* [WHAT YOU SHOULD DO]: Each record that follows should be repeated exactly, minus any images.

* [GIVEN DATA]:
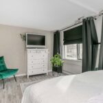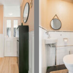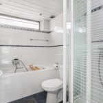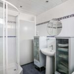 De ruime en gemoderniseerde badkamer is geheel betegeld en voorzien van een jacuzzi, douchecabine met thermostaatkraan, wastafel, twee bergkasten, designradiator, closet, elektrische vloerverwarming, mechanische ventilatie, kleine raampartij en verlaagd plafond met inbouwspots.
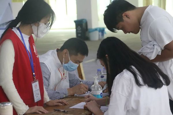 工作人員為獻血成功的同學們進行登記,頒發(fā)獻血證并贈送小禮品(無償獻血是指為拯救他人生命,志愿將自身的血液無私奉獻給社會公益事業(yè),而獻血者不收取報酬的行為。但是,獻完血后,領取小紀念品是合理的)。
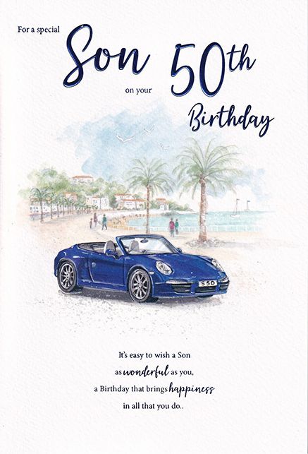 Verse reads: Front - It's easy to wish a Son as wonderful as you, a Birthday that brings happiness in all that you do. Inside - ...For anyone who knows you it's clear to see why, you mean more than you could know as each day paases by. Happy 50th Birthday Son
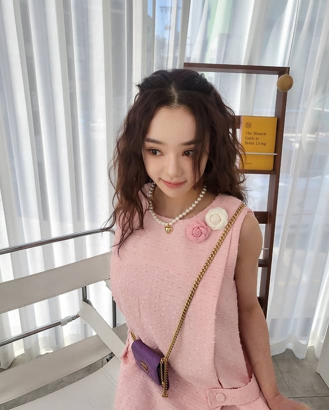 여기에 골드 체인이 돋보이는 미니 퍼플백을 매치해 사랑스러움을 극대화했습니다.
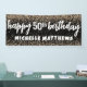 Celebra un hito especial con este banner horizontal de 50 años, diseñado con audaz y estilo festivo. En la parte superior e inferior, el llamativo confetti purpurina de imitación de oro y plata le da un toque divertido y festivo. En el centro, "Happy 50th Birthday" se escribe en una mezcla de caligrafía manuscrita y un tipo de letra limpio y moderno, lo que le da al cartel un aspecto elegante y elegante. Justo debajo, hay espacio para resaltar el nombre del chica de cumpleaños en un tipo de letra chunky negrita que destaca. Personalizable completo, este banner se puede cambiar para celebrar cualquier edad o hito, lo que lo hace perfecto para cumpleaños de todo tipo. Tenga en cuenta que el purpurina es un diseño impreso y que puede no aparecer claro o brillante cuando se vea de cerca. ¡Una manera divertida y elegante de hacer que la celebración de cumpleaños se sienta especial!
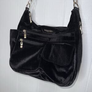 Baggallini Modern Everywhere Bag In Black Velvet With Gold Hardware.

* [YOUR SOLUTION]:
 De ruime en gemoderniseerde badkamer is geheel betegeld en voorzien van een jacuzzi, douchecabine met thermostaatkraan, wastafel, twee bergkasten, designradiator, closet, elektrische vloerverwarming, mechanische ventilatie, kleine raampartij en verlaagd plafond met inbouwspots.
 工作人員為獻血成功的同學們進行登記,頒發(fā)獻血證并贈送小禮品(無償獻血是指為拯救他人生命,志愿將自身的血液無私奉獻給社會公益事業(yè),而獻血者不收取報酬的行為。但是,獻完血后,領取小紀念品是合理的)。
 Verse reads: Front - It's easy to wish a Son as wonderful as you, a Birthday that brings happiness in all that you do. Inside - ...For anyone who knows you it's clear to see why, you mean more than you could know as each day paases by. Happy 50th Birthday Son
 여기에 골드 체인이 돋보이는 미니 퍼플백을 매치해 사랑스러움을 극대화했습니다.
 Celebra un hito especial con este banner horizontal de 50 años, diseñado con audaz y estilo festivo. En la parte superior e inferior, el llamativo confetti purpurina de imitación de oro y plata le da un toque divertido y festivo. En el centro, "Happy 50th Birthday" se escribe en una mezcla de caligrafía manuscrita y un tipo de letra limpio y moderno, lo que le da al cartel un aspecto elegante y elegante. Justo debajo, hay espacio para resaltar el nombre del chica de cumpleaños en un tipo de letra chunky negrita que destaca. Personalizable completo, este banner se puede cambiar para celebrar cualquier edad o hito, lo que lo hace perfecto para cumpleaños de todo tipo. Tenga en cuenta que el purpurina es un diseño impreso y que puede no aparecer claro o brillante cuando se vea de cerca. ¡Una manera divertida y elegante de hacer que la celebración de cumpleaños se sienta especial!
 Baggallini Modern Everywhere Bag In Black Velvet With Gold Hardware.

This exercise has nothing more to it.